Default test with shared constraints

yaml
defaultTest:
  assert:
    - type: not-icontains
      value: 'As an AI'
    - type: cost
      threshold: 0.005
    - type: latency
      threshold: 3000

Weighted scoring

yaml
- description: 'Balanced quality check'
  vars:
    question: 'Explain quantum computing'
  assert:
    - type: llm-rubric
      value: 'Technically accurate'
      weight: 3
      metric: accuracy
    - type: llm-rubric
      value: 'Easy to understand for a beginner'
      weight: 1
      metric: clarity
    - type: javascript
      value: "output.split(' ').length <= 200"
      weight: 1
      metric: conciseness

CLI commands

Always use --no-cache during development to avoid stale results.

bash
npx promptfoo@latest validate config -c path/to/promptfooconfig.yaml
npx promptfoo@latest eval -c path/to/promptfooconfig.yaml -o output.json --no-cache --no-share

For CI/non-UI workflows, use -o output.json and check success, score, and error fields.
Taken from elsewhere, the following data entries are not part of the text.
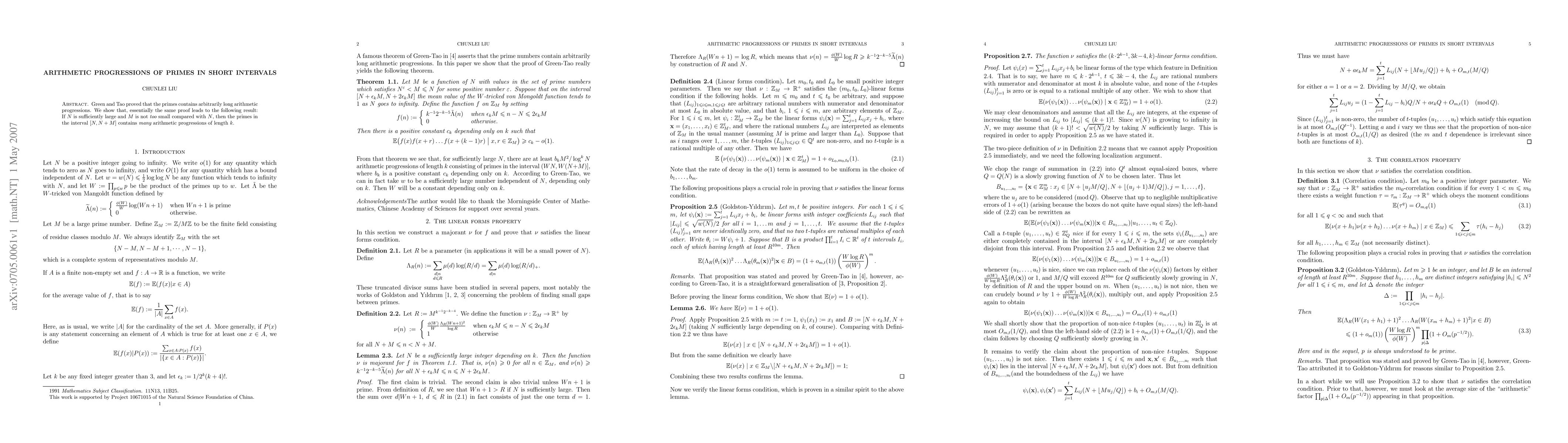 Summary: Green and Tao's proof of long arithmetic progressions in primes can be adapted to show that short intervals within the primes contain numerous arithmetic progressions of any specified length. This extends the understanding of prime distribution in smaller segments.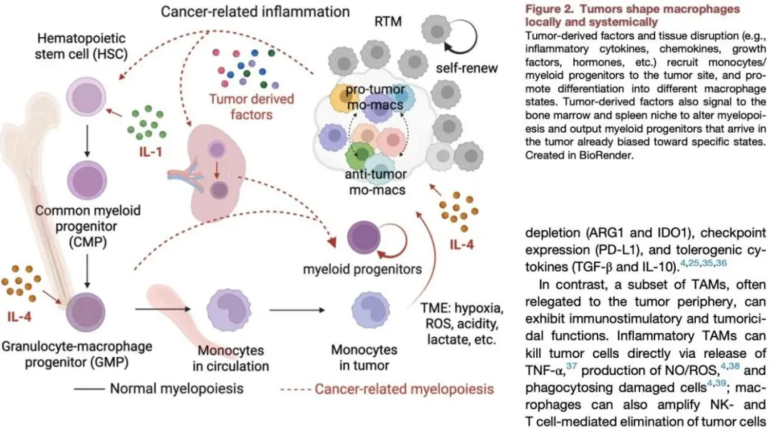 在实体瘤组织中,巨噬细胞的占比最高可达50%,它们在肿瘤的诱导下,极易从具有杀伤能力的M1型“倒戈”为促进肿瘤生长的M2型,通过抑制免疫反应、促进血管生成,让免疫疗法收效甚微。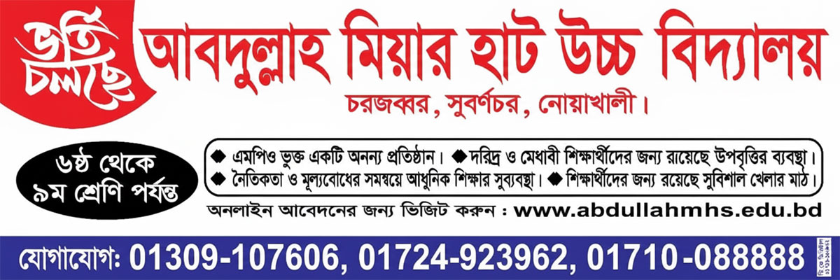 Abdullah Miar Hat High School​ -​ এর পক্ষ থেকে জানাই স্বাগতম ও শুভেচ্ছা। পৃথিবীর সাথে তাল মিলিয়ে দেশ যখন এগিয়ে যাচ্ছে আমরা কেন তাহলে অন্যদের চেয়ে পিছিয়ে থাকবো ?  আপনারা জেনে আনন্দিত হবেন যে, বাংলা একাডেমী কর্তৃক নির্ধারিত শুদ্ধ উচ্চারণের অঙ্গীকার নিয়ে আমরা সৃজনশীল শিক্ষা দানের উদ্দেশ্যে  যুগোপযোগী ও আধুনিক স্কুল প্রতিষ্ঠার লক্ষ্যে একটি যুগান্তকারী উদ্যোগ গ্রহণ করেছি।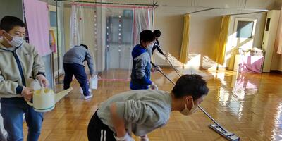 卒業まで約30日となった6年生の皆さんが、保健室、会議室の清掃やワックスがけのボランティア活動をしてくださいました。教室にあるすべての荷物を運び出して床を掃除するなど、手際よく清掃作業を進めていきます。きれいに水ワックスが塗られて床がピカピカです。
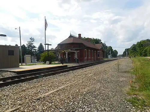 Albion station is a train station in Albion, Michigan, served by Amtrak's Wolverine line. Baggage cannot be checked at this location; however, up to two suitcases in addition to any "personal items" such as briefcases, purses, laptop bags, and infant equipment are allowed on board as carry-ons. Amtrak does not provide ticketing or baggage service at this station, which is served by two trains daily.[2]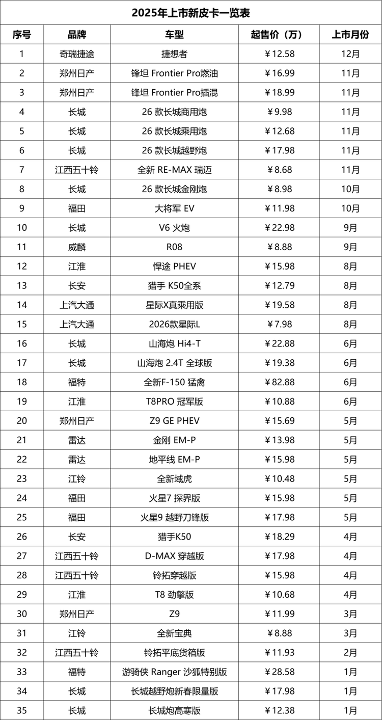 2025年国内皮卡市场新品迭代频繁,覆盖燃油、柴油、混动、纯电等多元动力类型,精准匹配商用、乘用、越野等全场景需求。各大车企纷纷发力,从入门级创富车型到高端越野版本全面布局,多达35款新车为消费者提供了丰富选择。今天就来从最近的12月到1月的顺序全面盘点一下。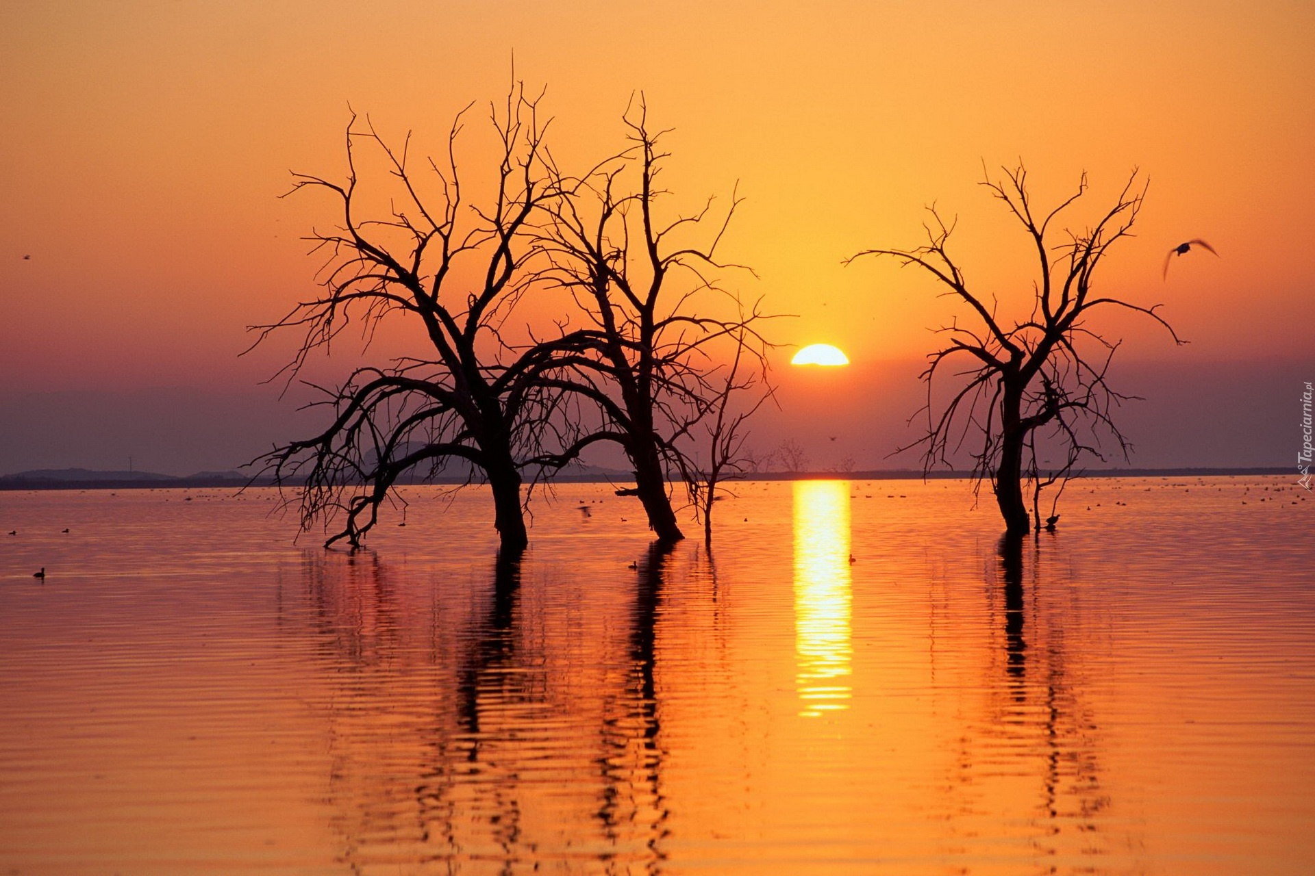 Edytor tapety: Zachód, Słońca, Jezioro, Trzy, Samotne, Suche, Drzewa
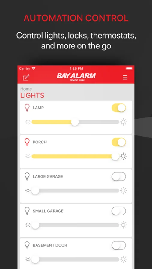 The Bay Alarm App offers the following features: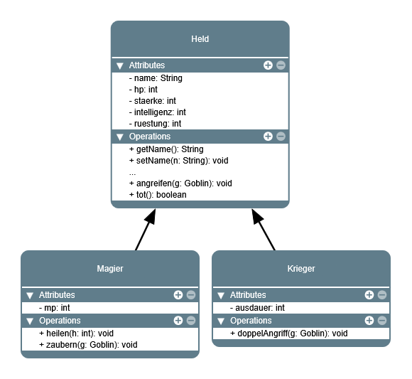 Entfernen Sie aus der Klasse Held alles, was mit Manapunkten zu tun hat und ergänzen Sie es, falls noch nicht geschehen, in der Klasse Magier und testen Sie Ihre Implementierung, indem Sie ein Objekt der Klasse Magier erzeugen.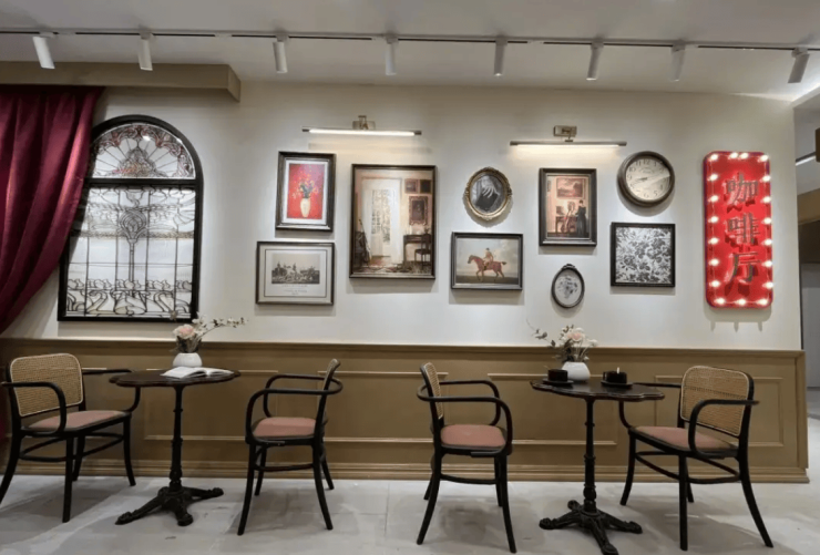 颐养院总建筑面积达1.8万平方米,核定床位378张,以“老上海怀旧”风格为设计主线,墙面彩绘海派风情图案,长者餐厅以老上海建筑照片为背景,转角处复刻老式烟纸店与咖啡厅,通过空间叙事唤醒长者情感记忆。房间内全屋采用圆角家具、防滑地胶(防滑系数0.8,超国标30%)、智能感应夜灯,卫生间配备扶手与淋浴椅,部分房型增设智能护理床、空气净化设备、独立阳台等。公共区域的无障碍设计同样细致:走廊宽度达1.8-2米,确保轮椅通行顺畅;智能声控设备支持窗帘、灯光及电视“随叫随开”,降低长者操作难度。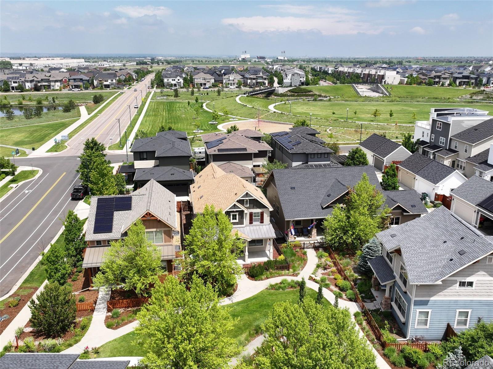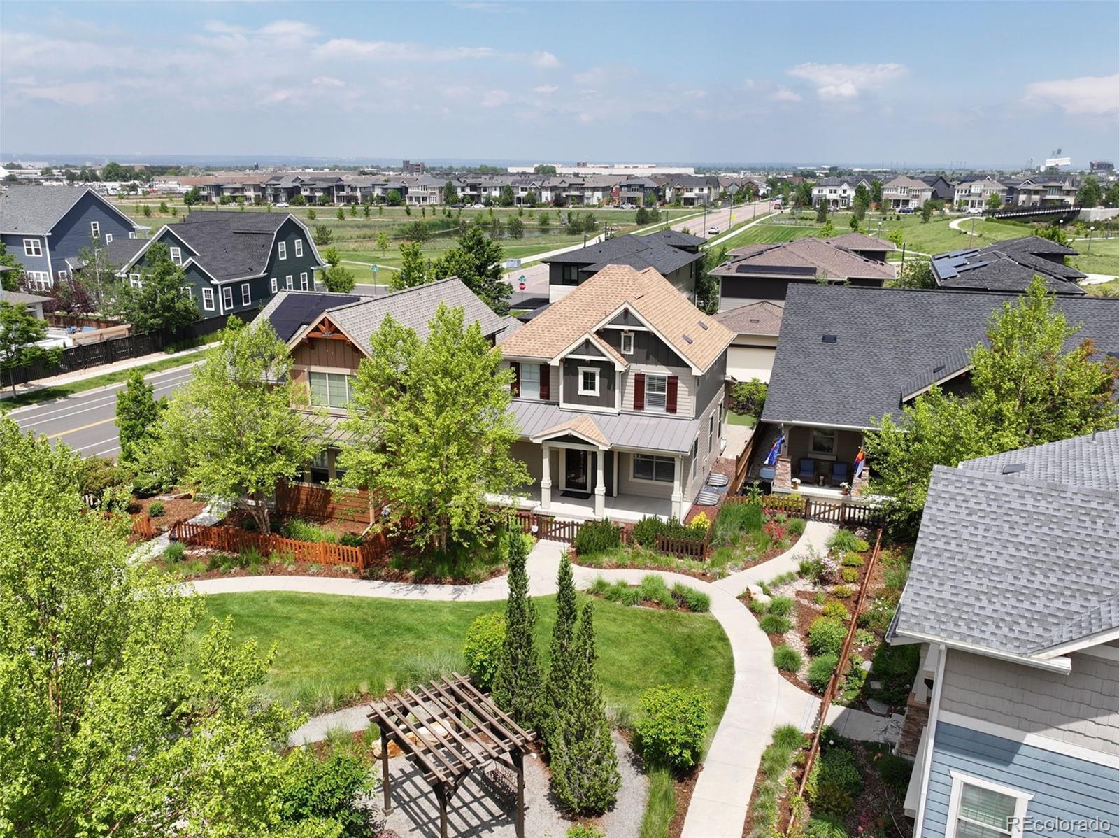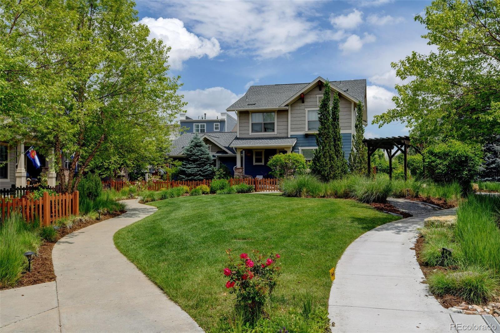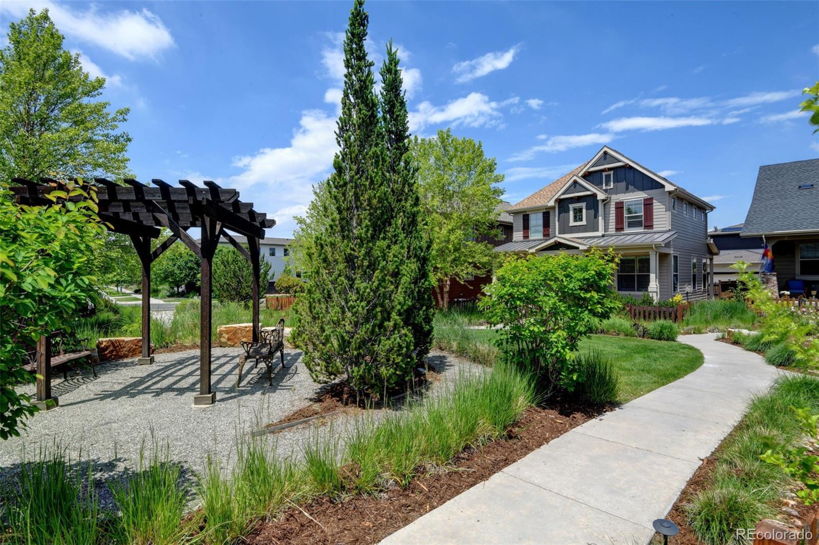 This rare Wonderland Courtyard home, in popular Northfield, is privately tucked away in a lush courtyard, and just steps from Prairie Meadows Park and a short walk to the Shops at Northfield. (Trader Joes, Lifetime, Whole Foods and Wayfair are coming soon to the area). This home is situated on a private pocket park with lush green grass and a gazebo gathering area. The home has classic and timeless finishes throughout, including solid oak flooring, gray-tone cabinetry, and white plantation shutters. The kitchen is open to the living room and dining room and features stainless steel appliances, including a gas cooktop, undercabinet lighting, quartz and slab granite countertops, and a large center island with bar seating. This home has the ideal floor plan with 3 sizable bedrooms and 2 full bathrooms upstairs, plus an open loft that provides valuable work-from-home or family play space. The primary suite is an oasis with mountain views, a vaulted ceiling, a walk-in closet with Elfa built-ins, and a 5-piece en-suite bathroom featuring a Euro-glass shower surround, quartz countertops, and a deep soaking tub. The basement in this home has been fully finished and is complete with a movie theater, 4th bedroom, 4th bathroom, and 3 egress windows for tons of light. The home is situated on a lot that lives large with a fully fenced front yard landscaped with gardens and a welcoming covered front porch. The backyard has low-maintenance turf complete with a golf putting hole and an extended paver patio. There is an attached two-car garage for plenty of space for vehicles and gear storage. Additional features include a new roof, new exterior paint, and new window treatments. It's move-in ready and ready to go!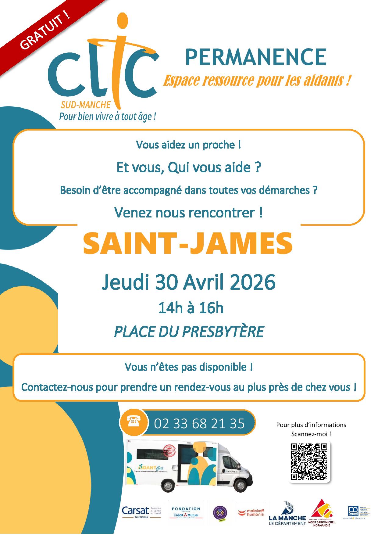 Vous aidez un proche en perte d’autonomie ! Le Clic du Sud-Manche vous propose une permanence où, vous serez écoutés, informés, orientés et accompagnés dans vos démarches.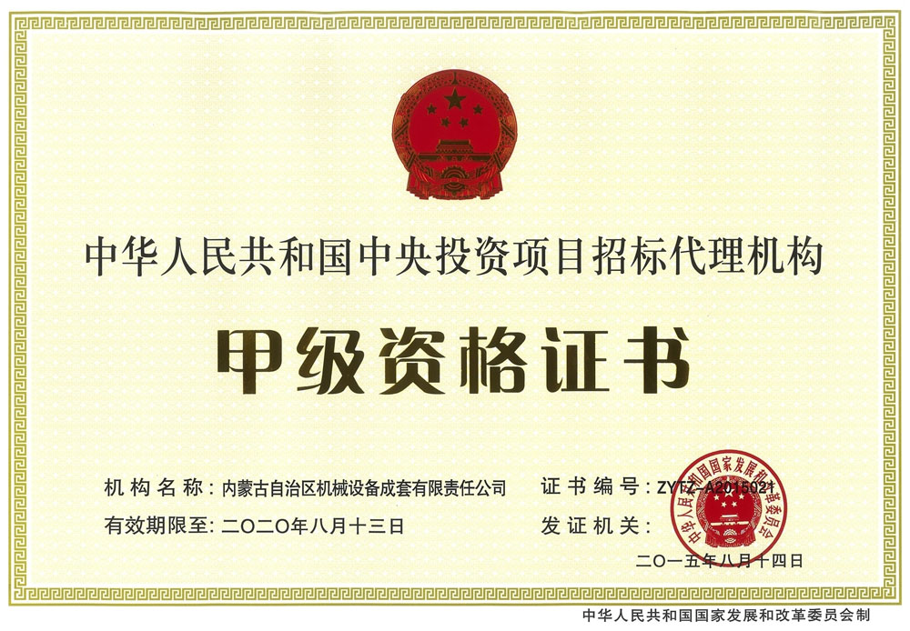 內蒙古招標采購行業(yè)信用AAA級單位資格證書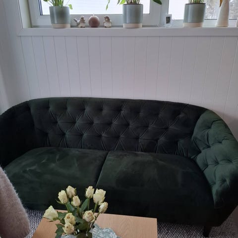 Selger en grønn 2-seters fløyelssofa grunnet flytting.

Inside the promptfoo repo, use the local build:

bash
source ~/.nvm/nvm.sh && nvm use
npm run local -- validate config -c path/to/promptfooconfig.yaml
npm run local -- eval -c path/to/promptfooconfig.yaml -o output.json --no-cache --no-share

Add --env-file .env only when the eval needs local credentials and that file exists.

Do not run npm run local -- view unless explicitly asked.